Methodology

The public benchmark policy behind verified VRAM Check results.

This page explains the shared benchmark profile, score construction, trust states, class system, and leaderboard eligibility rules so users can understand exactly what a result means before they compare or share it.

Canonical profileTinyLlama 1.1B Q4_K_M

The current public benchmark profile is intentionally fixed so verified runs can be compared consistently.

Verification pathOfficial release, published checksum, local verification

Official releases can be verified locally with vramcheck verify-release --file .\vramcheck-windows.exe.

Score flow

How the public score is constructed.

A VRAM Check score is not a synthetic composite. It is a real inference result governed by a canonical profile and a public trust model.

Canonical profile

VRAM Check uses one fixed TinyLlama 1.1B Q4_K_M profile so verified runs stay comparable across systems and over time.

Primary score

Decode throughput is the canonical score.

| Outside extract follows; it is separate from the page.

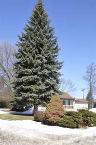blue spruce, dwarf Alberta spruce and dwarf Norway spruce

Prefill throughput and TTFT remain visible because they describe different parts of the inference experience.

Strict pass selection

The benchmark runs multiple passes and selects the representative pass closest to the multi-metric median.

Stability gating

Decode, prefill, and TTFT variance are measured so unstable or noisy runs do not enter the competitive board as if they were equally trustworthy.

Metrics

What each visible metric is trying to tell you.

Decode throughput

The primary leaderboard score. It reflects sustained token generation speed after the model is already running.

Prefill throughput

How quickly the model processes prompt tokens before generation begins. This is critical for long prompts and larger contexts.

TTFT p50

Median time-to-first-token across the canonical prompts. Lower is better because it reflects interaction latency, not just throughput.

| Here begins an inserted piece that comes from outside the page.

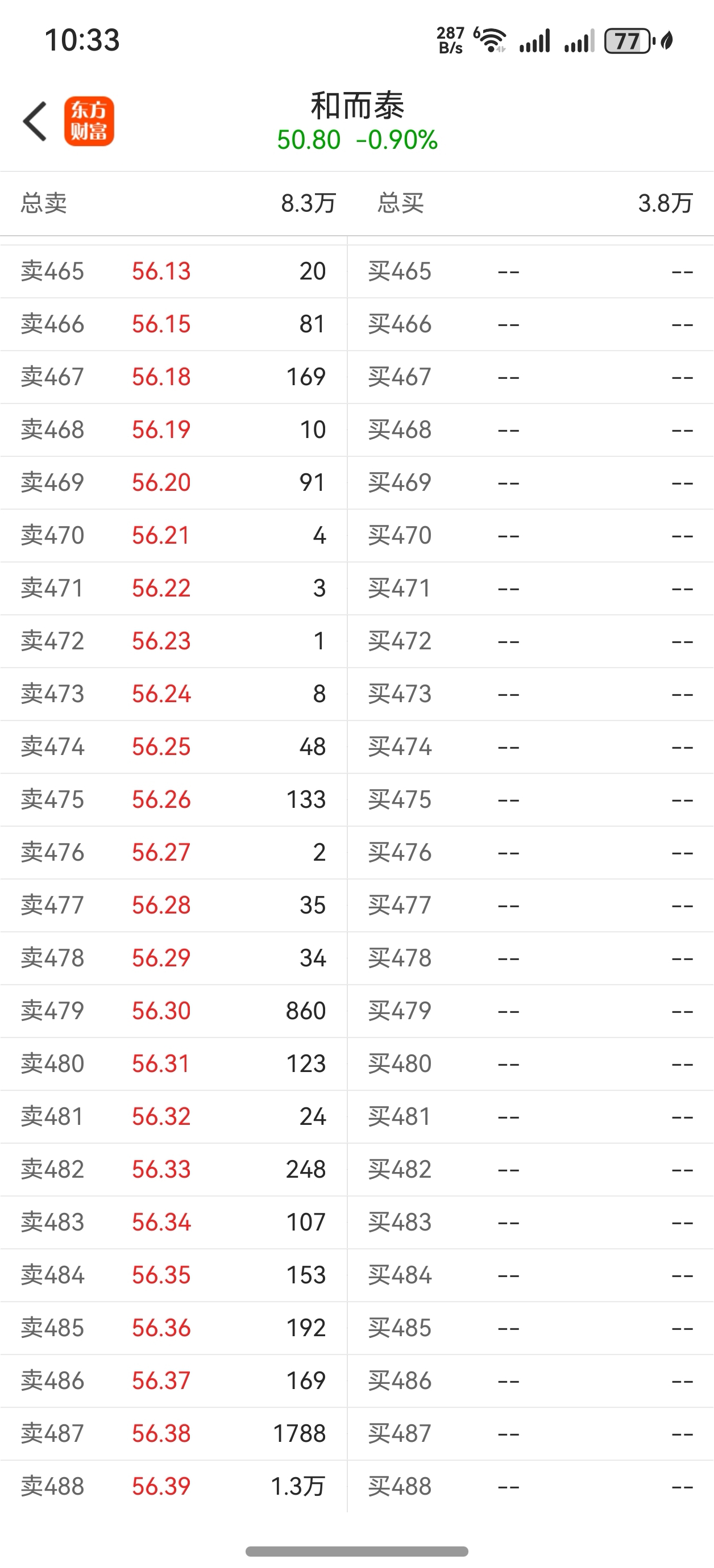 $和而泰(SZ002402)$ 哈哈哈,不错,56.39也有1万多手卖

Session total vs canonical pass time

Total session time includes strict passes, warmup, and setup. Canonical pass time is only the selected scored pass used in the result.

Trust states

Why not every useful run becomes a competitive rank.

Verified GPU

Acceleration is active, the canonical profile ran, and the run carries the verification metadata expected by the backend.

Verified provisional

The run is real and verified but did not satisfy the active leaderboard gate, usually because of stability or eligibility policy.

Compatibility

The run is useful for practical guidance but does not represent an officially ranked accelerated benchmark.

Estimated

A fast exploratory fit result that never enters the leaderboard and should never be interpreted as verified throughput.

Leaderboard eligibility

What a run must satisfy before it can claim competitive position.

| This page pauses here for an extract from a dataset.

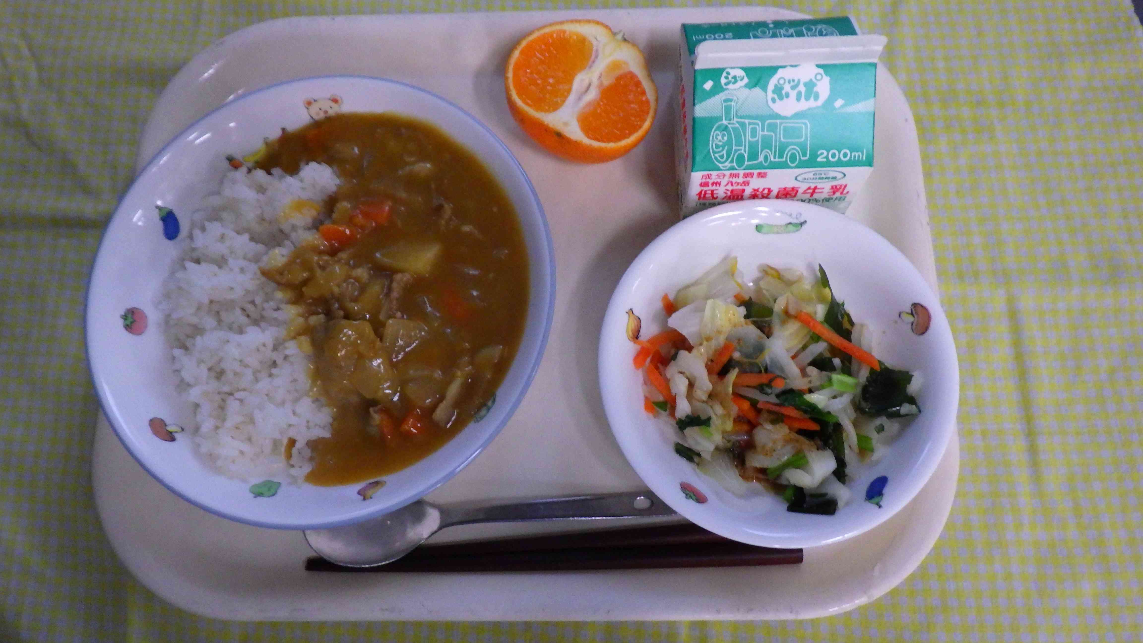 玉ねぎカレーライス ボイル野菜 韓国風ドレッシング みかん 牛乳

  • Runtime acceleration must be active and the execution profile must be verified GPU.
  • The canonical profile must complete successfully with the expected verification metadata.
  • Strict stability checks must stay within the active decode, prefill, and TTFT policy thresholds.
  • The backend must classify the run as eligible, not provisional or compatibility.

Class system

Class describes capability. Rank describes field position.

Class

Class is the absolute capability band of the machine under the active policy.

Current public scale: S, A,B, C, D,E.

Rank

Rank is competitive context inside the active leaderboard pool or board segment.

A machine can have a modest class and still place well in a narrow field, or a high class and a weaker competitive position in a crowded frontier board.

Verification path

What users can validate locally before they trust the binary.

Download official release -> compare published .sha256 -> run `vramcheck verify-release --file .\vramcheck-windows.exe` -> benchmark

The public supported installation path is the official binary release. npm-style global installers are not offered yet because the product still prioritizes verified binary distribution and release clarity over package-manager surface area.